Therefore, the results indicate that the gas compressor suction pressure depends on pipe distance, elevation, and ambient temperature.
Gas compressor pressure ratio at different stations
The gas compressor pressure ratio, also known as the compression ratio, is defined as the ratio of its discharge pressure to its suction pressure. In this study, the maximum allowable operating pressure (MAOP) of the pipeline is set at 9500 kPa, which corresponds to the discharge pressure of the gas compressor.
Figure 11 displays the compressor pressure ratio at each station along the pipeline route for scenarios 1 and 3. Gas compressor pressure ratio for Scenarios 1 and 3
Compressor station 18 has the lowest pressure ratio for scenarios 1 and 3, as shown in Figure 11. Therefore, this station location will require the lowest power from the gas compressor. Conversely, stations 10 and 8 in scenarios 1 and 3, respectively, have the highest gas compressor pressure ratios. Therefore, these station locations will require the highest compressor power.
Figure 12 shows the gas compressor pressure ratios for the winter season at stations 1 to 4, under non-isothermal gas flow temperature conditions for scenario 2. The highest compressor pressure ratios at 15:00 hours will require the highest compressor power. However, the lowest pressure ratios experienced at 06:00 hours will require the lowest compressor power. Gas compressor pressure ratio for Scenario 2
Gas compressor discharge temperature at different stations
The discharge temperature is the increase in gas temperature resulting from compression of natural gas. Figure 13 illustrates the gas compressor discharge temperature at each station along the pipeline route for scenarios 1 and 3. Gas compressor discharge temperature for Scenarios 1 and 3
Compressor station 10, which has the highest pressure ratio in Figure 11 for scenario 1, also has the highest discharge temperature. Similarly, Compressor Station 8, which has the highest pressure ratio in Figure 11 for Scenario 3, also has the highest discharge temperature, as shown in Figure 13. Therefore, we conclude that the gas discharge temperature increases with the compression ratio. Thus, a higher gas compression ratio results in a higher discharge temperature of the compressed natural gas. However, compressor station location 10, with the second-highest gas compression ratio in Figure 11 for scenario 3, has the lowest discharge temperature as shown in Figure 13 for scenario 3. This observation is due to the high elevation at this compressor station and the lower suction intermediate temperature at this location compared to other compressor stations.

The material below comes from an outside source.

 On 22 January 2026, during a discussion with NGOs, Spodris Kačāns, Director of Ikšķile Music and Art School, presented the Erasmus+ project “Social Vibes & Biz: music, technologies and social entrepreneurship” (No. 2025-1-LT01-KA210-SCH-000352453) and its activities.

Figure 14 shows the gas compressor discharge temperature for the winter season at stations 1–4 under non-isothermal gas-flow conditions for scenario 2. The highest gas compressor discharge temperature occurs at 15:00 hours, when the gas compression ratio is at its highest. In contrast, the lowest discharge temperature occurs at 06:00 hours, when the gas compression ratio is at its lowest. Similar explanations can be given for other compressor station locations. Gas compressor discharge temperature for Scenario 2
It is beneficial to control the gas compressor discharge temperature within specified limits to optimise gas transport through the pipelines. One way of achieving this is to install a cooling device at the gas compressor discharge point.

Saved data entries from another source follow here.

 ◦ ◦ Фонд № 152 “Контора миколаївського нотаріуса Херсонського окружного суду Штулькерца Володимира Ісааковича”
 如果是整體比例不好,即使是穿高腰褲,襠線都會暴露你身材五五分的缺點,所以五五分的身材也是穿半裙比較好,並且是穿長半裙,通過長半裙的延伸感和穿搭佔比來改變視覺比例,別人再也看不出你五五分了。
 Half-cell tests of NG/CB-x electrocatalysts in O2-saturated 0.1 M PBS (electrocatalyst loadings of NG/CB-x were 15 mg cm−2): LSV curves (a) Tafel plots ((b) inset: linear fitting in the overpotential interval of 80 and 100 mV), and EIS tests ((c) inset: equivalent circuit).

Gas compressor power at varying flow conditions at different stations
Figure 15 shows the gas compressor power requirements at each station along the pipeline route for scenarios 1 and 3. Considering scenario 1, compressor station 10 has the highest gas compression power among all stations. This station location is associated with the lowest gas compressor suction pressure, the lowest average pressure, and the highest gas compression ratio. The increase in pipeline distance and elevation results in a corresponding decrease in the gas compressor suction pressure. Therefore, this leads to an increase in the gas compression ratio, the polytropic head, and, thus, the gas compressor power requirement. Moreover, the lower gas compressor power requirement at compressor station 10 in scenario 3, compared to the exact location in scenario 1, is due to the lower suction intermediate temperature at this station. However, the lowest gas compressor power requirement for scenarios 1 and 3 occurs at compressor station 18. This location is associated with the highest gas compressor suction pressure, the highest pipeline average pressure, and the lowest gas compression ratio. Furthermore, gas compressor power decreases with increasing gas compressor suction pressure, due to a lower compression ratio and polytropic head. Gas compressor power requirement for Scenarios 1 and 3
Similar explanations could be given for other compressor stations. Consequently, the results indicate that the gas compressor inlet temperature and the characteristics of the compressor station location significantly affect the gas compressor power requirements.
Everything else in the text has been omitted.